2001年 夏
それから七瀬は何度かその番号に電話をかけてみたが、聞こえてくるのはきまってザーザーという混線音だった。それは高低を伴って、時には波の音にも、時には風の音にも聞こえた。何度かケイタイを耳に押し当てているうちに、どこかでこんな音を聞いたことがあるような気がしてきた。それもずっと以前に。
ほのかな郷愁すら誘いはじめた音。だが、記憶の糸がなかなかたぐれない。それから一週間ほど経った日曜日のことだった。近くの短大でフリーマーケットが催され、七瀬も子供を連れて出かけたのだが、そこでがらくたの山に埋もれていた黒いダイヤル式の電話機を目にした時、ぼんやりしていた記憶が鮮明になった。今から二十年以上も前のあのアパートのことが……。
当時、七瀬は大学生だった。下宿していたアパートは風呂もついてない粗末な木造の二階屋だったが、ただ各階の廊下の奥には当時としては珍しく共同電話が置かれていて、ベルが鳴ったらアパートにいる誰かが要件を取り次ぐきまりになっていた。ちょうど二階の突き当たりの部屋を借りていた七瀬は、きまってこの取り次ぎ役になった。ドアをノックして中から何の返答もなければ、伝言をメモした紙をドアの隙間に差し入れたりもした。そして重量感のあるその黒い受話器を耳に当てるたびに、きまって混線したような音が流れてたきのだ。
七瀬は、当時つきあっていたほかの大学の女の子と、その混線音の中でよく長い会話をしたものだった。『学園祭はいつからなの?』『今度、港に大きな外国船がくるんだ』『あと必修どれくらい残ってる?』『就職先、どこを回ったの?』。そっちの電話からも雑音が聞こえるのかとその子に尋ねたことがあった。『いいえ、そんなものは聞こえない。ただ、あなたの声だけがはっきりと聞こえる・・・・・・』
ビニールシートを広げて、古着やら、アクセサリーやらを売っている短大生を目にしていると、七瀬の脳裏にも二十数年前の日々が巡ってきた。中でも、在学中、四年間住み続けたその古いアパートはいまだに彼の遠い記憶の中心に建ち残っていた。
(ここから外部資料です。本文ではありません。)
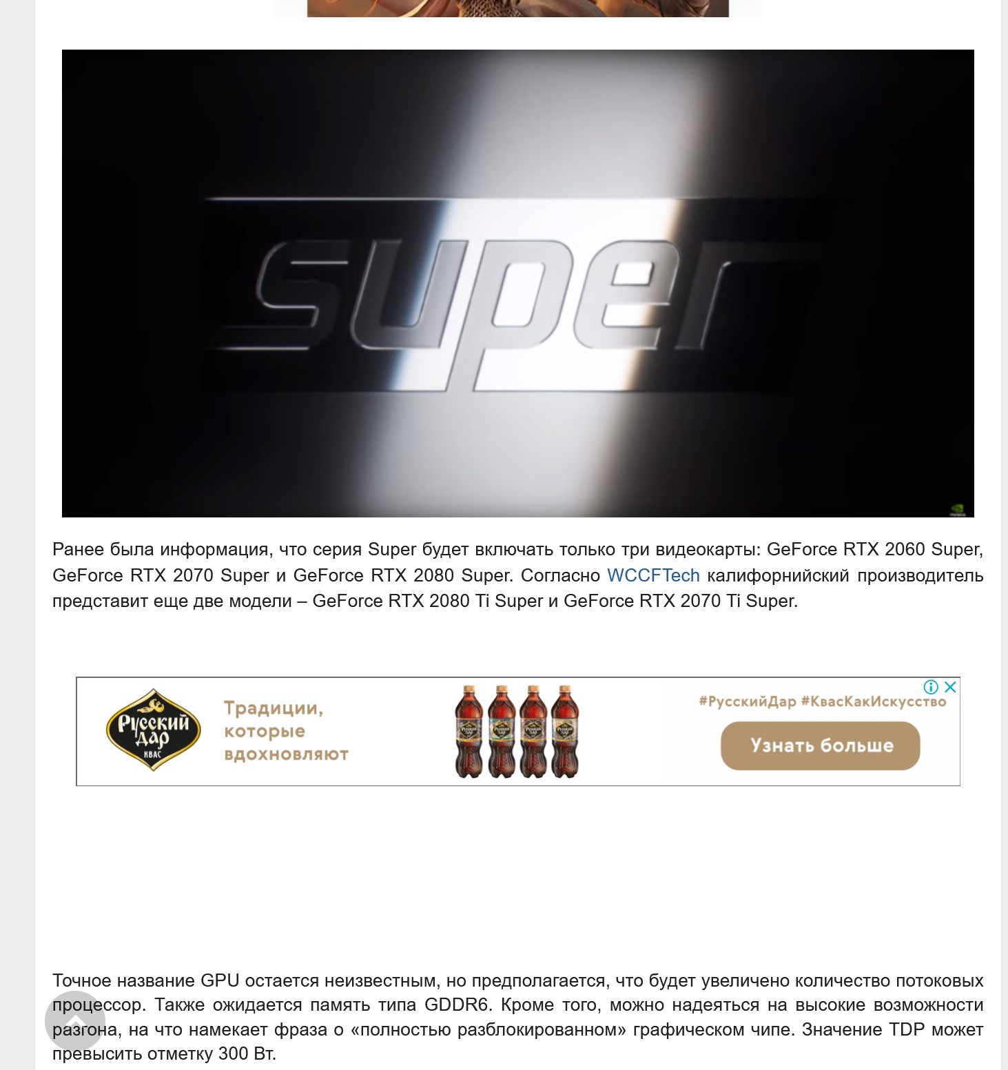 Точное название GPU остается неизвестным, но предполагается, что будет увеличено количество потоковых процессор. Также ожидается память типа GDDR6. Кроме того, можно надеяться на высокие возможности разгона, на что намекает фраза о «полностью разблокированном» графическом чипе. Значение TDP может превысить отметку 300 Вт.

あの若かった自分、大学生の頃の自分に戻って、亮子の前に現れたら、彼女はどんな顔をするだろう? どんな目でオレを見てくれるんだろう?
七瀬は無性にあのアパートを訪ねてみたくなった。すでに二十年以上も前のことだ、あんな古いアパートなど、とっくに取り壊されているに違いないと思いながらも。
その夜も、またあの電話が鳴った。短く鳴って止んだ呼び出し音は、自分をその場所へと誘っているようにも思えた。七瀬は遠い日の記憶を追うのがやめられなくなった。残り少ない盛夏に過ぎ去った季節の灼けるような匂いが重なった。
遠いデザインとは、遺伝子の設計図のこと。
14年前の2001年が舞台。
中年男が若い女性に憧れる、よくあるテーマの小説。
この歳になると。そんなことしか書けませんので…。
地域の産業支援を本格的にやりだしてから、
コピーを前みたいに書けなくなったので、
その手慰みのつもりで書いています。